'Sem justiça não há paz' e 'Em defesa da polícia'. Foram estes os lemas das duas manifestações que estiveram na mira dos portugueses este sábado à tarde, em Lisboa.
O movimento Vida Justa anunciou, na quinta-feira, que a sua manifestação iria ter início no Marquês de Pombal pelas 15h00 e estava prevista terminar na Assembleia da República. No entanto, o presidente do Chega, André Ventura decidiu anunciar uma contramanifestação cujo fim seria no mesmo local da 'Sem Justiça não há paz'.
De forma a evitar que os protestos coincidissem, a iniciativa Vida Justa, com objetivo reclamar justiça pela morte de Odair Moniz, o homem de 43 anos baleado por um agente da PSP após uma perseguição policial na Amadora, decidiu alterar o seu percurso e terminar na Praça dos Restauradores.
A hora do encontro chegou e, pelas 15h00, estavam concentradas na Praça do Município cerca de duas centenas de pessoas, com bandeiras do Chega, também algumas do partido ADN, e de Portugal, e cartazes onde se lia "Respeitem as nossas polícias" e "Polícias sim. Bandidos não!".

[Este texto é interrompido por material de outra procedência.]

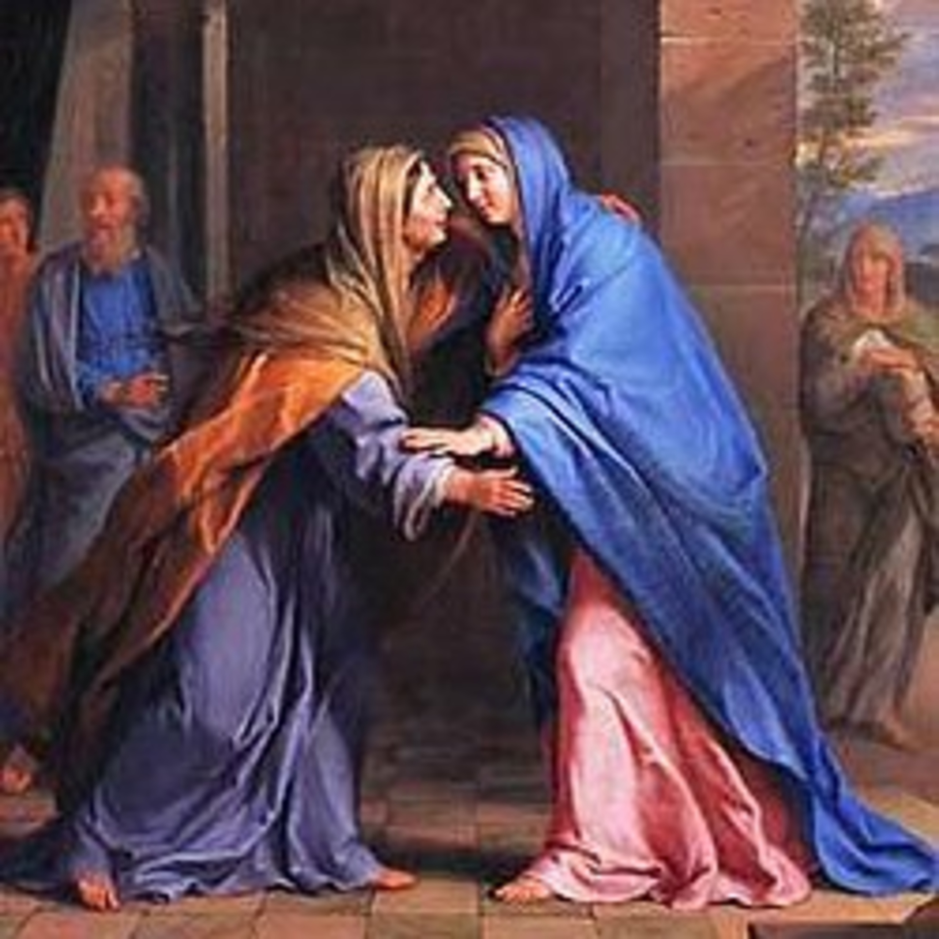 ईश्वर के पुत्र को अपने गर्भ में लेकर ईश्वरीय आनंद, जो पवित्र आत्मा का फल है, से भर कर, सुसमाचार सुनाने के लिए एलिजाबेथ से मिलने निकलती हैं।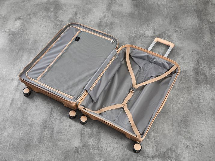 The interior of Tulum has luxurious soft touch lining and a mesh divider section. The design also features a convenient zipped inside pocket and adjustable packing straps to keep your clothes securely in place.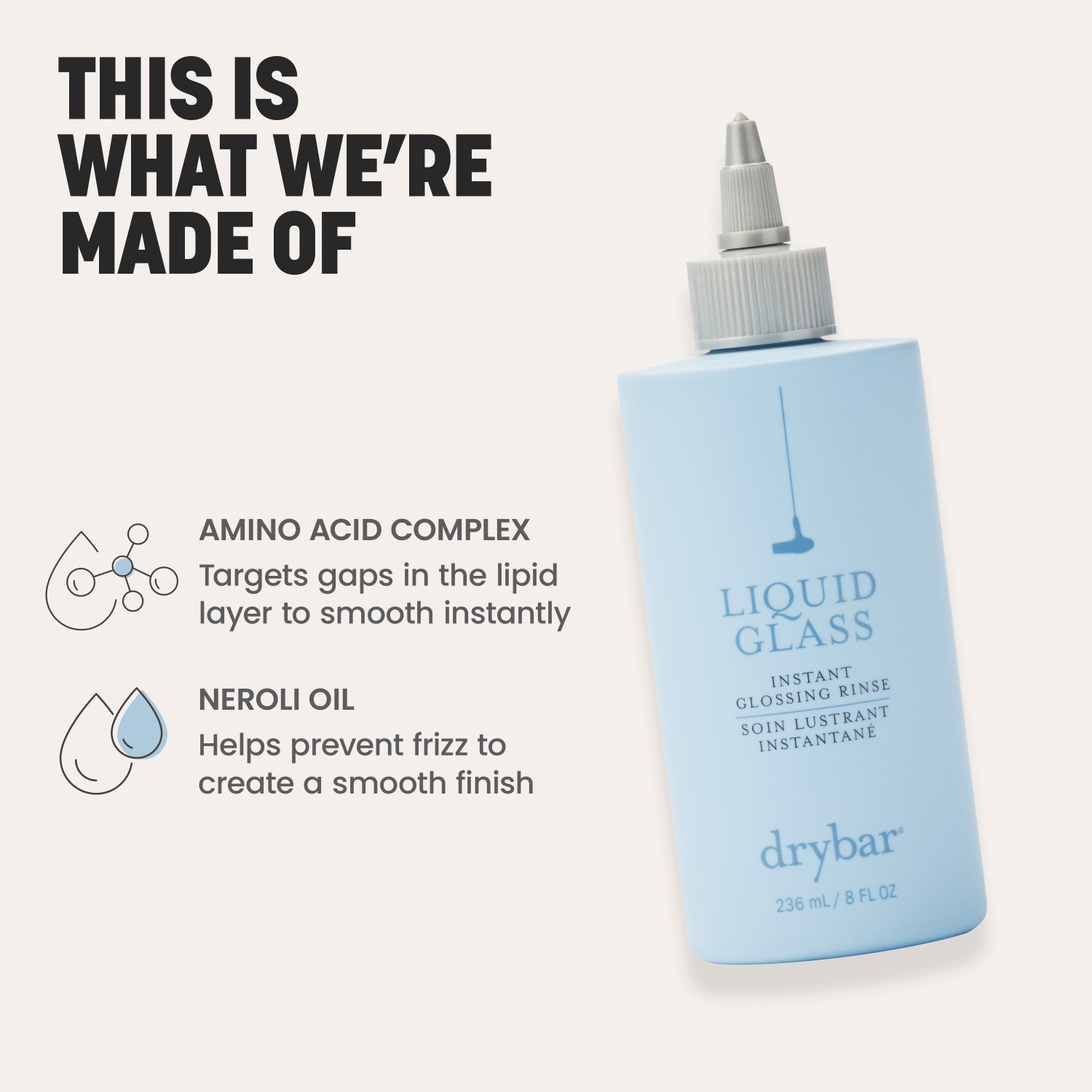 O Drybar Instant Glossing Rinse utiliza a avançada Tecnologia Micelar Reversa, que atrai instantaneamente Aminoácidos para repor a delicada camada lipídica do cabelo, proporcionando um acabamento sedoso, suave e com brilho intenso em apenas 10 segundos.

Por outro lado, na Avenida da Liberdade, milhares de pessoas entoavam gritos de protesto, onde a principal palavra de ordem era "Justiça para o Odair", e onde era segurada, por familiares e vizinhos, uma faixa com a fotografia do homem de 43 anos.
Dois protestos distintos
Em dois protestos com objetivos bastante distintos, André Ventura clamava por “polícias com mais meios” e por "mais autoridade da polícia", em declarações aos jornalistas. Enquanto que, na manifestação da Vida Justa, se empunhavam cartazes onde podia ler-se: "Que a voz da revolta seja a voz da justiça", "Abaixo a repressão policial, morte ao fascismo", "Sem justiça, não há paz" ou "Parem de nos matar".

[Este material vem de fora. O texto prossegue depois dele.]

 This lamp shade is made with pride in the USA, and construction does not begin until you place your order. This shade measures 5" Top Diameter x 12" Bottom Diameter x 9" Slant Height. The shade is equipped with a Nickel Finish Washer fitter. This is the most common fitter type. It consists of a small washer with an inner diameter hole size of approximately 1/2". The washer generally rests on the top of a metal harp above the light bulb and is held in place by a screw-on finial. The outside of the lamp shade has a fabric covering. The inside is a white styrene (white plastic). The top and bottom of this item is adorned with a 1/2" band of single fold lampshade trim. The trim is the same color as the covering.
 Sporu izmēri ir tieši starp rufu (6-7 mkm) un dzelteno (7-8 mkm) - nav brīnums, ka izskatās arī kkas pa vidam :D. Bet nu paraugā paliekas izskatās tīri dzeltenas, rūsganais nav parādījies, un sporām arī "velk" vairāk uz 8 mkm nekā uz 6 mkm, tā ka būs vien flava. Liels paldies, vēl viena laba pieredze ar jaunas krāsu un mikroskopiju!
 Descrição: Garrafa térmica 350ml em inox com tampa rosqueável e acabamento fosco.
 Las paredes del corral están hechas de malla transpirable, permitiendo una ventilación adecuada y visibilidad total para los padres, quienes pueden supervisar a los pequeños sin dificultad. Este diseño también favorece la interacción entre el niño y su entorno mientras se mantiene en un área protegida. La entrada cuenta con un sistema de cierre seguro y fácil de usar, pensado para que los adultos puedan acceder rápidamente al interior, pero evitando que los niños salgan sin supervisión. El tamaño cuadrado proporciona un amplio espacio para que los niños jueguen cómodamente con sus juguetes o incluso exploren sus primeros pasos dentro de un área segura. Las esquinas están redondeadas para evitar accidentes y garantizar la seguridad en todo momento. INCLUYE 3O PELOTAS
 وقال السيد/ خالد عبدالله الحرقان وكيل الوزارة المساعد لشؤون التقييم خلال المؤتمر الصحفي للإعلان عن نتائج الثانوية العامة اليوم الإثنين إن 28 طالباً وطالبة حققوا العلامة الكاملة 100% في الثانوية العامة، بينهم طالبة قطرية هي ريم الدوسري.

A manifestação 'Sem justiça não há paz' contou com a presença de associações antirracistas, comissões de moradores de vários bairros da Área Metropolitana de Lisboa, nomeadamente no Bairro do Zambujal, na Amadora (onde residia a vítima), várias personalidades públicas e políticos que quiseram marcar a sua posição.
"Portugal não pode continuar a tratar os bairros da periferia de Lisboa como tem acontecido, onde falta tudo. Falta a presença do Estado social, falta a escola, falta o hospital", referiu o líder parlamentar do Bloco de Esquerda (BE), Fabian Figueiredo, que esteve presente na manifestação do movimento Vida Justa.
Também a socialista Ana Gomes não faltou ao encontro e acusou André Ventura de ter como objetivo "semear a divisão na sociedade portuguesa" com a contramanifestação 'em defesa da polícia', que acusa ainda de ter sido marcada com "intuito provocatório".
Em resposta ao outro protesto, o presidente do Chega dividiu o país em "dois lados", um que está com "a bandidagem", com "as minorias e os coitadinhos" e "sempre contra a polícia e contra a autoridade", após o trajeto de 45 minutos da manifestação de apoio às autoridades convocada pelo partido.
A contestar as palavras de André Ventura, esteve Cláudia Simões, cidadã que acusou um agente da PSP de a agredir, numa paragem de autocarro na Amadora, em 2020.
"Somos castigados e ainda saímos do tribunal como criminosos. Espero que este processo não passe em branco como o meu", podia ouvir-se, salientando que a polícia trata as pessoas de alguns bairros "como lixo".
A manifestação de apoio a Odair, onde estiveram algumas pessoas de cara tapada, terminou cerca das 18h00 com um minuto de silêncio.
A presença policial foi visível nas iniciativas e, em comunicado, a Polícia de Segurança Pública (PSP) afirmou que as manifestações decorreram de forma "pacífica" e agradeceu a "serenidade e civismo" a todos os cidadãos que nelas participaram.
Odair Moniz, de 43 anos e morador no Bairro do Zambujal, na Amadora, foi baleado por um agente da PSP na madrugada de segunda-feira, no Bairro Cova da Moura, no mesmo concelho, no distrito de Lisboa, e morreu pouco depois, no hospital.
A Inspeção-Geral da Administração Interna e a PSP abriram inquéritos, e o agente que baleou o homem foi constituído arguido.
Na sequência do acontecimento têm sido registadas, pela PSP, centenas de ocorrências. Na noite de segunda-feira registaram-se desacatos no Zambujal e, desde terça-feira, noutros bairros da Área Metropolitana de Lisboa, onde foram queimados autocarros, automóveis e caixotes do lixo.
Foram ainda detidas cerca de duas dezenas de cidadãos e identificado um número semelhante de pessoas. Somam-se sete feridos, um dos quais com gravidade.